Iv noticed that hes breathing fast in his sleep say a breath per second i was wondering if this is normal for a African pygmy hedgehog thanks zac


----------



## animal addict (Jun 1, 2008)

I think mine breaths quite fast too so either it must be normal or we have the same problem lol!!! Theres no other funny noises accompanied with the breathing?


----------



## Athravan (Dec 28, 2006)

Has the temperature changed or the substrate, perhaps the towel is a bit stinky, has he been going to the bathroom over there perhaps and doesn't want to sleep there anymore? Could try a change out and offer a few different places to sleep and see if he chooses somewhere secluded. 

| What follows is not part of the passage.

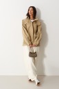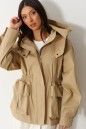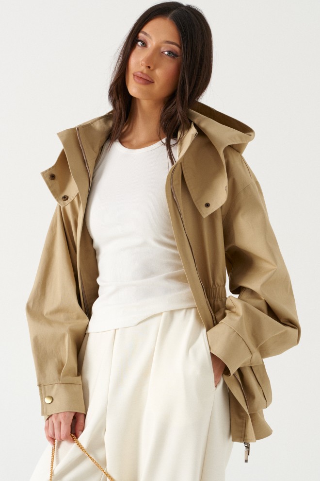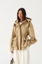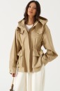 Куртка свободного кроя. Выполнена плотной хлопковой ткани коричневого цвета. С подкладкой. Воротник стойка. Застёжка центральная молния. Объёмный капюшон с застёжкой кнопками. Рукав втачной, спущенный, с манжетом, с кнопкой. Линия талии в изделии на резинке (не регулируемой). По переду внизу накладные карманы с клапаном. Длина рукава от линии втачивания 60 см. длина спинки 67 см
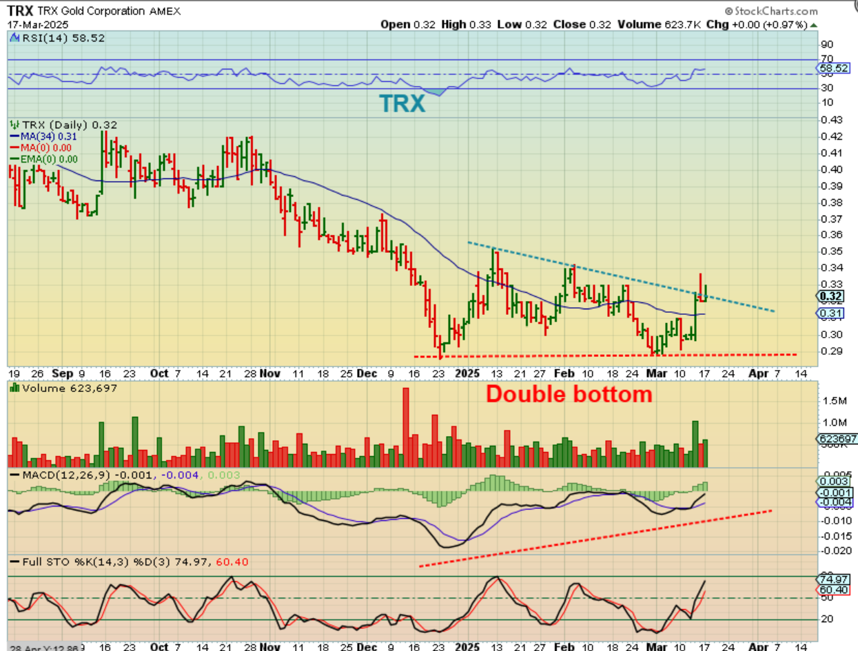 I think that TRX could be getting ready to go too. I see large divergence at the double bottom & a MACD cross. It has tried to break the downtrend line twice but then sold back off. Of course, a small company like this can do a ‘public offering’ to raise cash and that ruins the trade, but this set up is a bullish one.

Not sure about the breathing, most of mine seem to breathe fairly fast and if you use a stethoscope on them have fast little heartbeats but if you think it's abnormal to the way he usually breathes a vet check couldn't hurt.

Is he still eating, drinking, going to the bathroom, seem lively in all other respects, behaviour hasn't changed?


----------



## Tan (May 7, 2008)

When they leave the nest to sleep and it is not due to illness then it usually due to them not liking what they have through odour.

As I am sure you have noticed they are not them selves a smelly animal and are quite nose friendly and although they do really enjoy getting those Jacobsons organs going they do not like to sleep in a smell.

Fast breath are common but just like many mammals the rate does drop once the bodies is resting and I am assuming you keep him on shaving. If you do this can be a cause and the best thing to do is change him onto paper for a week and if his rate is still what you consider fast then this would be deemed normal for him. Once there is no wheezing, mucus discharge around the nostrel and the eyes are clean and rectom then I would say he is fine.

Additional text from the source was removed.